Tristam MacDonald. Ex-BigTech Software Engineer. Future farmer. [https://trist.am]

Python 3 - Pygame

So how about taking a look at the file game test.py at my github? While this isn't a complete game there are a few basics that I made after looking up this tutorial's lesson 1 and 2. I changed a few things.

  • Any newbie silly things that I am doing?
  • Also I didn't understand what the get_image function is actually doing other than making the path os independent.

Anyone interested in having a look?

Edit:

Any newbie silly things that I am doing?

The function get_color() is one of the scariest things I have ever seen. Not because it does anything dangerous, per se, but because it relies on intimate knowledge of external state (i.e. what value you initialised the variable color to), and the name of the function gives no indication of this.

Since we are in python, I'd probably implement it more like this:


color, alternate = (255, 100, 0), (0, 128, 255) # assign both values by tuple unpacking
# ...
if (event.type == pygame.KEYDOWN and event.key == pygame.K_SPACE):
    color, alternate = alternate, color # swap values using tuple unpacking

Also I didn't understand what the get_image function is actually doing other than making the path os independent.

The get_image() function is mostly there to prevent you loading the same image twice. It caches every image you load in a dictionary (key'd with the file name), and if you try to load the same image file again, it will hand you the one it already loaded earlier.

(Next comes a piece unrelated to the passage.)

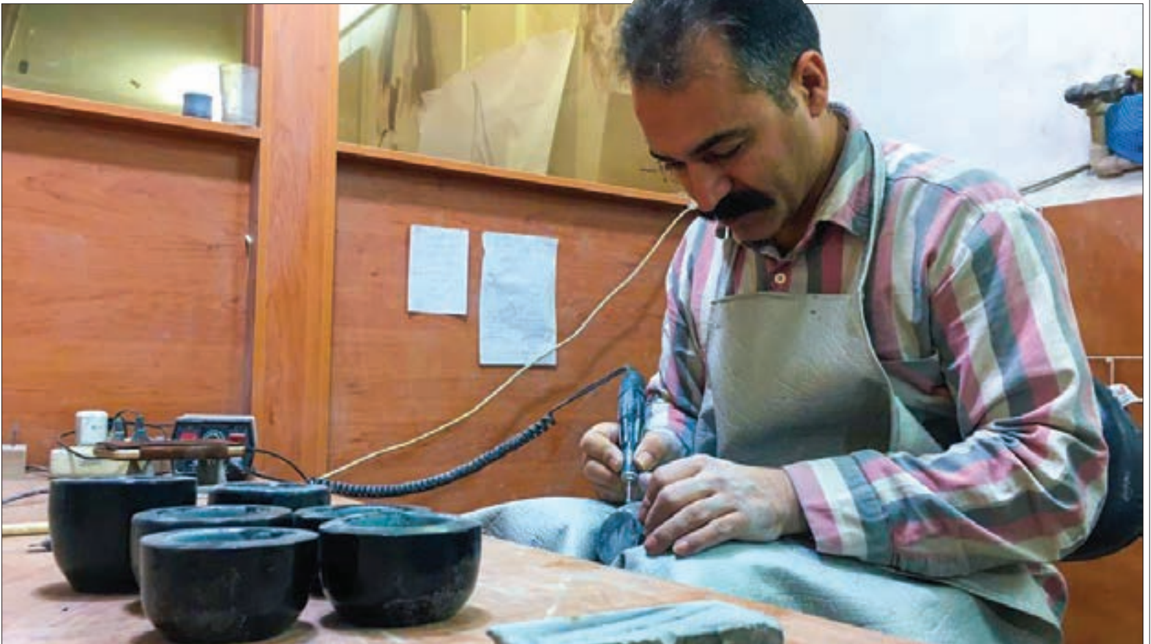
گفت و گو با هنرمند حجاری روی سنگ در مصلی تاریخی

Tristam MacDonald. Ex-BigTech Software Engineer. Future farmer. [https://trist.am]


The get_image() function is mostly there to prevent you loading the same image twice. It caches every image you load in a dictionary (key'd with the file name), and if you try to load the same image file again, it will hand you the one it already loaded earlier.

I get that now but isn't it a little flawed? I mean shouldn't the canonical path be calculated before the first assignment to image variable. If it is done after that then actually there is no problem as the dictionary is updated with the same value but the image is loaded again.

I mean wouldn't something like this be better.


_image_library = {}
def get_image(path):
    global _image_library

    path = path.replace('/', os.sep).replace('\\', os.sep)
    image = _image_library.get(path)
    if image == None:
        _image_library[path] = pygame.image.load(path)
        image = _image_library.get(path)
    return image


I get that now but isn't it a little flawed? I mean shouldn't the canonical path be calculated before the first assignment to image variable. If it is done after that then actually there is no problem as the dictionary is updated with the same value but the image is loaded again.

If you look at it carefully, you'll note that even after deriving the canonical path, they still use the original (unchanged) path as the dictionary key.

It's a fair point that it might be better to use the canonical path as the key - at the very least, it would catch cases where the user passes in both the unix-style and windows-style paths at different times. That said, calculating the canonical path isn't free, so you might prefer to keep the current version, which is very fast in the already-loaded case.